Your objective
Would you write out the lines below exactly, from the one containing "- Materiál: Překližka/dřevo, kvalitní" to the very last, but without the pictures?

Information provided

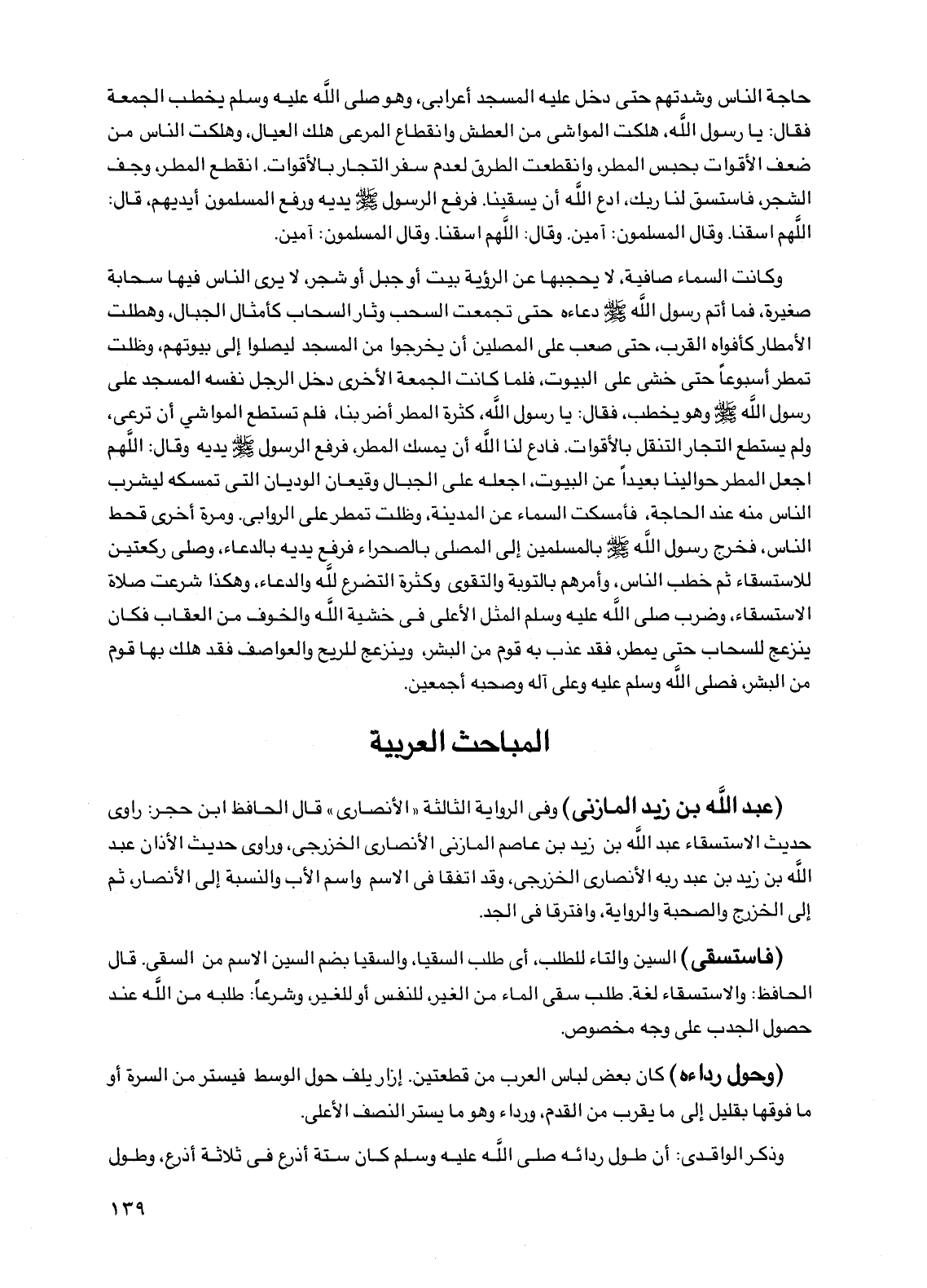 حاجة الناس وشدتهم حتى دخل عليه المسجد أعرابي، وهو صلى الله عليه وسلم يخطب الجمعة فقال: يا رسول الله، هلكت المواشي من العطش وانقطاع المرعى هلك العيال، وهلكت الناس من ضعف الأقوات بحبس المطر، وانقطعت الطرق لعدم سفر التجار بالأقوات. انقطع المطر، وجف الشجر، فاستسق لنا ربك، ادع الله أن يسقينا. فرفع الرسول صلى الله عليه وسلم يديه ورفع المسلمون أيديهم، قال: اللهم اسقنا. وقال المسلمون: آمين. وقال: اللهم اسقنا. وقال المسلمون: آمين.
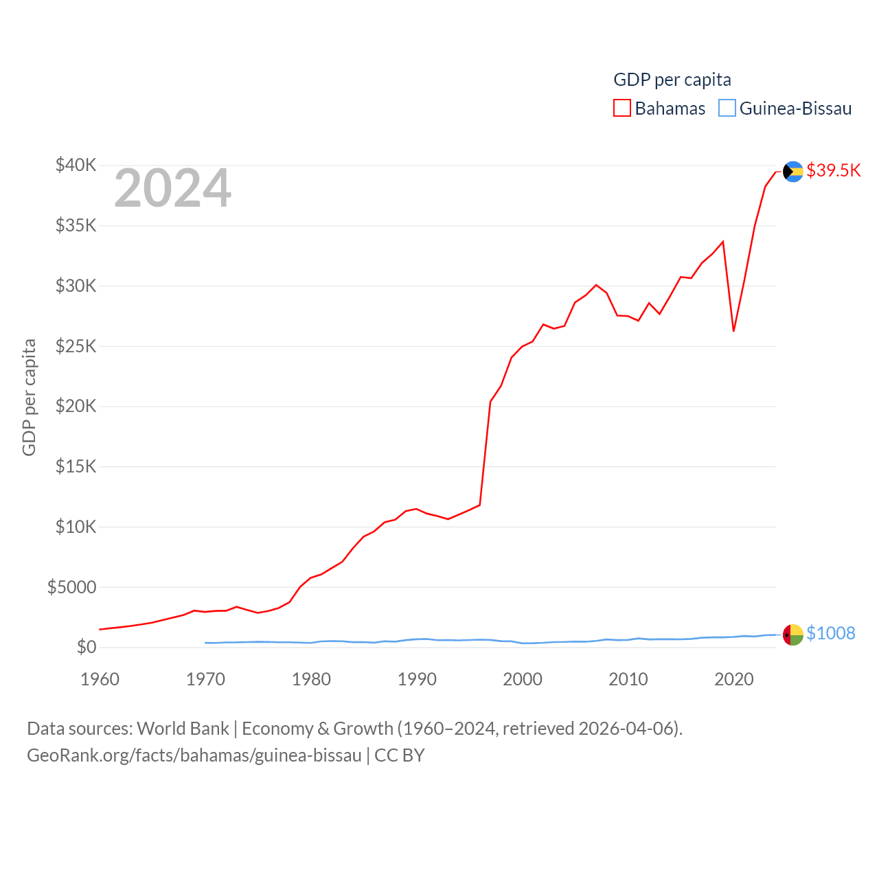 By GDP, The Bahamas ranks 140/197 ($15.8B) and Guinea-Bissau ranks 176/197 ($2.22B). By GDP per capita, The Bahamas ranks 30/197 ($39,455), while Guinea-Bissau ranks 177/197 ($1,008).
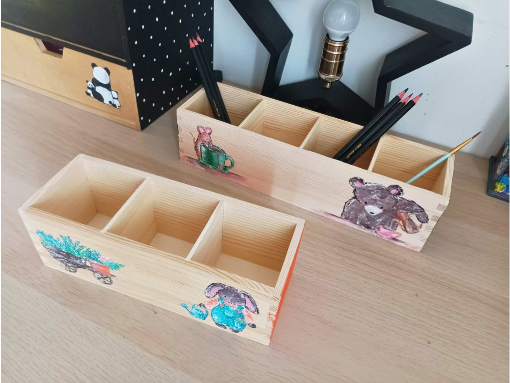 - Materiál: Překližka/dřevo, kvalitní akrylové barvy vhodné na dětské dekorace, matný lak
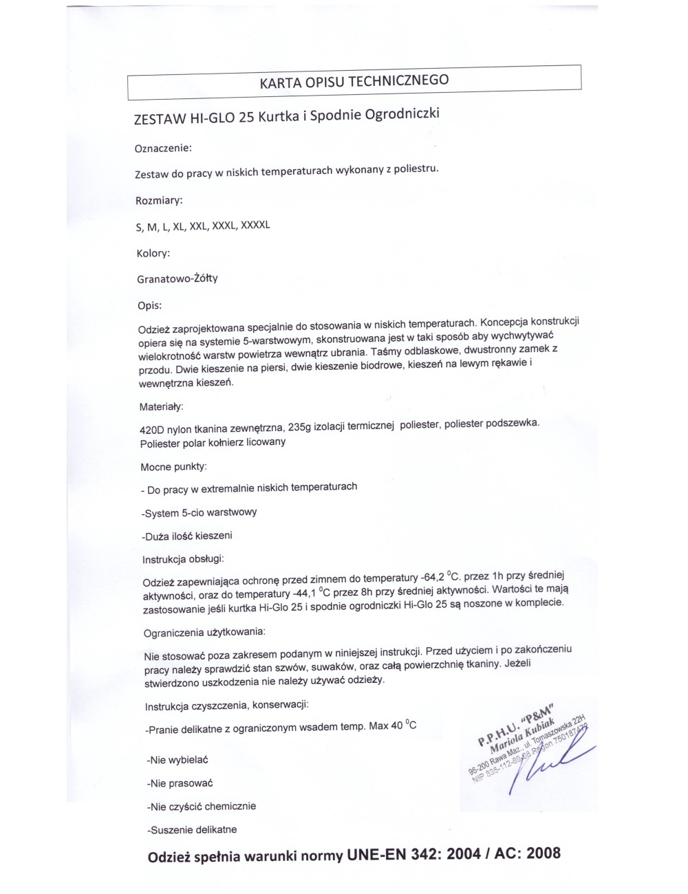 Odzież zgodna z normą EN 342 doskonale chroni przed zimnem. Praca w niskiej temperaturze, wymaga specjalistycznej odzieży, zapewniającej pracownikowi skuteczną ochronę i utrzymującą ciepłotę ciała. Praca w środowisku zimnym, charakteryzuje się temperaturą równą lub niższą -5℃. Pod uwagę bierze się również wartość odczuwalną, która oprócz temperatury powietrza, uwzględnia jego wilgotność oraz wiatr. Należy pamiętać, aby odzież była sucha- jej zmoczenie, może mieć bardzo negatywny wpływ na poziom ochrony przed zimnem. Jeżeli chcemy jak najlepiej zabezpieczyć się przed szkodliwym działaniem niskich temperatur, dodatkowo polecamy stosowanie specjalistycznych spodni, rękawic, ciepłego obuwia oraz nakrycia głowy. Ubiór powinien być dopasowany i porządnie zapięty.

Answer for this exercise
 - Materiál: Překližka/dřevo, kvalitní akrylové barvy vhodné na dětské dekorace, matný lak
 Odzież zgodna z normą EN 342 doskonale chroni przed zimnem. Praca w niskiej temperaturze, wymaga specjalistycznej odzieży, zapewniającej pracownikowi skuteczną ochronę i utrzymującą ciepłotę ciała. Praca w środowisku zimnym, charakteryzuje się temperaturą równą lub niższą -5℃. Pod uwagę bierze się również wartość odczuwalną, która oprócz temperatury powietrza, uwzględnia jego wilgotność oraz wiatr. Należy pamiętać, aby odzież była sucha- jej zmoczenie, może mieć bardzo negatywny wpływ na poziom ochrony przed zimnem. Jeżeli chcemy jak najlepiej zabezpieczyć się przed szkodliwym działaniem niskich temperatur, dodatkowo polecamy stosowanie specjalistycznych spodni, rękawic, ciepłego obuwia oraz nakrycia głowy. Ubiór powinien być dopasowany i porządnie zapięty.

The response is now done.